Tidak berapa lama saya berhasil berpapasan dengan tim depan, mereka memang sengaja berhenti di pintu rimba ini, kalau kita mengambil jalan ke kanan ada goa tempat orang biasa duduk-duduk di situ. Perjalanan dilanjutkan dan mulai terlihat mana tim depan, tim tengah, tim jalan sendirian dan tentu saja tim paling belakang (bang Heru), bang Asep kelihatannya berjuang dengan ransel baru yang sewaktu belinya beberapa waktu lalu kami saksikan di zephyr. Saya sendiri merupakan tim jalan sendirian, di tengah jalan saya sempat berpapasan dengan bro Woldy, dia juga berjuang. Saya dan bro Woldy berhenti sebentar sambil memasak air untuk buat susu milo, mba Nana dan tim melewati kami, begitu juga bang Asep, bro Ryco dan NayaMila sepertinya udah di depan. Hampir setengah jam saya berhenti di situ, bro Woldy udah lanjut dan hari sudah mulai sore, bang Heru melewati saya. Beberapa hari kemudian saya baru menyadari bahwa menjadi tim sweeper merupakan suatu tanggung jawab besar, menguras stamina dan konsentrasi bang Heru, namun pada saat ini hal itu belum kelihatan.
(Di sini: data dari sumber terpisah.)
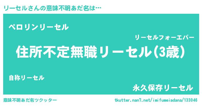 | 男性向けラノベタイトル風あだ名 | 『この素晴らしい世界にリーセルを!』 |
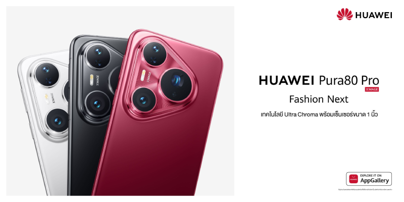 หัวเว่ย คอนซูมเมอร์ บิสสิเนส กรุ๊ป (ประเทศไทย) ตอกย้ำความเป็นผู้นำสมาร์ทโฟนรุ่นเรือธง ด้วยการมาถึงของ HUAWEI Pura 80 Series ที่ผสานนวัตกรรมกล้องอันเหนือชั้นเข้ากับฟีเจอร์ก้าวล้ำ โดยรุ่นที่น่าจับตามองอย่าง HUAWEI Pura 80 Pro โดดเด่นเหนือสมาร์ทโฟนในระดับเดียวกัน เพราะเป็นตัวแรกของวงการที่มาพร้อมกล้องเซ็นเซอร์ขนาดใหญ่ถึง 1 นิ้ว ซูมได้คมชัดสูงสุด 100 เท่า พร้อมระบบประมวลผลภาพอัจฉริยะ XMAGE ให้ภาพถ่ายสวยมีมิติในทุกสถานการณ์ และกล้อง Telephoto Macro ระดับชั้นนำ ให้ระยะโฟกัสใกล้สูงสุด 5 เซนติเมตร พร้อม AI อัจฉริยะที่สามารถเรียนรู้และเป็นผู้ช่วยในการใช้งานได้อย่างมีประสิทธิภาพ ดีไซน์โดดเด่นเป็นเอกลักษณ์ รวมทั้งรองรับการเข้าถึงแอปยอดนิยมผ่าน AppGallery วางจำหน่ายแล้วในราคาเริ่มต้นที่ 38,990 บาท พร้อมโปรโมชั่นและสิทธิพิเศษมากมาย

Saya melanjutkan perjalanan dan mulai menyusul yang lain, sempat berpapasan dengan mba Endah bersama anaknya dan teman lainnya yang berjalan beriringan, namun saya tidak bisa mengikuti ritme berjalan mereka dan terpaksa harus meninggalkan mereka. Hari mulai gelap, pada suatu pertigaan ada tim depan yang telah menunggu dan menginformasikan bahwa kami menginap di suatu pondokan untuk malam ini, di dekat pondokan ini juga ada tempat orang biasa duduk-duduk. Mungkin ada setengah jam kami istirahat, saya bahkan belum meletakkan ransel saya di dalam pondokan, namun mba Endah dan timnya serta bang Heru belum muncul juga, tidak heran karena di pertigaan tidak ada yang jaga dan perubahan jadwal tempat menginap ini belum di infokan bang Hendri kepada tim sweeper. Bang Hendri dan om Ryco mencoba menghubungi lewat HT, Mr Oblong dan saya berinisiatif mengejar mereka dan menurut info beberapa pendaki yang lagi istirahat di pertigaan tadi mba Enda dan bang Heru sudah lanjut ke depan.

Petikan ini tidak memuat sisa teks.